Shop LC
- Country: United States
- Broadcast area: United States and Canada
- Headquarters: Austin, Texas

Programming
- Language: English
- Picture format: 1080i (HDTV) 480i (SDTV)

Ownership
- Owner: Vaibhav Global
- Sister channels: The Jewellery Channel (United Kingdom)

History
- Launched: 2007
- Former names: The Jewelry Channel (2007-09) Liquidation Channel (2009-16)

Links
- Website: www.shoplc.com

Availability

Terrestrial
- Available over the air in select markets: Check local listings

Streaming media
- Digital media receiver: Roku channel
- Live stream: Watch live

= Shop LC =

American home shopping television network

Shop LC, formerly known as Liquidation Channel and The Jewelry Channel, is an American cable television shopping channel based in Austin, Texas.The network is a subsidiary of the Indian-based Vaibhav Global Limited.

The network's reach is approximately 77 million households in the United States. The network sells inventory in a reverse auction format. It additionally airs late nights on the American broadcast networks Retro TV, LATV, and TeleXitos through a time brokerage agreement, along with varied digital subchannel coverage nationwide. The channel primarily sells jewelry, beauty, fashion, home decor and lifestyle products.

== History ==
Shop LC was originally launched as The Jewelry Channel in 2007.

In 2009, The Jewelry Channel was renamed as Liquidation Channel and switched over to a discount liquidation model in 2009 due to a lack of demand for luxury items in the Great Recession, and to reduce confusion with the already-existing Jewelry Television. The channel originally expected to liquidate merchandise and cease operations.

Jewelry Television sued Liquidation Channel for infringement of a reverse auction patent in June 2013. In October 2015, the Patent Trial and Appeal Board invalidated Jewelry Television's "abstract ideas" patent based on the previous Alice Corp. v. CLS Bank International ruling. On May 28, 2015, two customers sued the channel over falsely advertised discounts.
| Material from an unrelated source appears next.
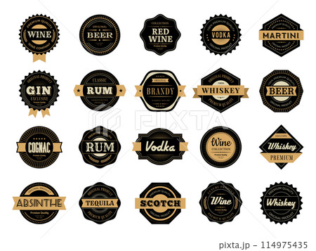 Labels for beer, vodka and whiskey bottles. Vintage wine frame sticker in wood. Alcohol beverage brand logo. Tequila drink. Champagne or bourbon gold badge template. Vector premium stickers design set

On January 9, 2017, Liquidation Channel officially rebranded itself as Shop LC; it had already removed all uses of the Liquidation Channel branding in full throughout 2016, branding solely as "LC". The meaning of the LC abbreviation was also changed so the channel's name now stands for "Shop Low-Cost". Kevin Lyons, president of Shop LC, stated that the rebrand to Shop LC is "about evolution". In addition to the name change, Shop LC designed new broadcast studios, updated television and website graphics and expanded its corporate headquarters.

In early 2021, Vaibhav Global came to terms with Hearst Television to carry the network on that station group's subchannels in a number of major markets, and has also added other broadcast subchannel affiliates throughout the United States to extend its coverage. The Hearst deal ended on May 1, 2022.

On November 18, 2021, it was announced that Shop LC would relocate from Austin proper to suburban Cedar Park by 2024, with the encouragement of sales tax and job creation incentives to build a production, office, and warehouse facility planned to be 200000 sqft, however this move has yet to occur.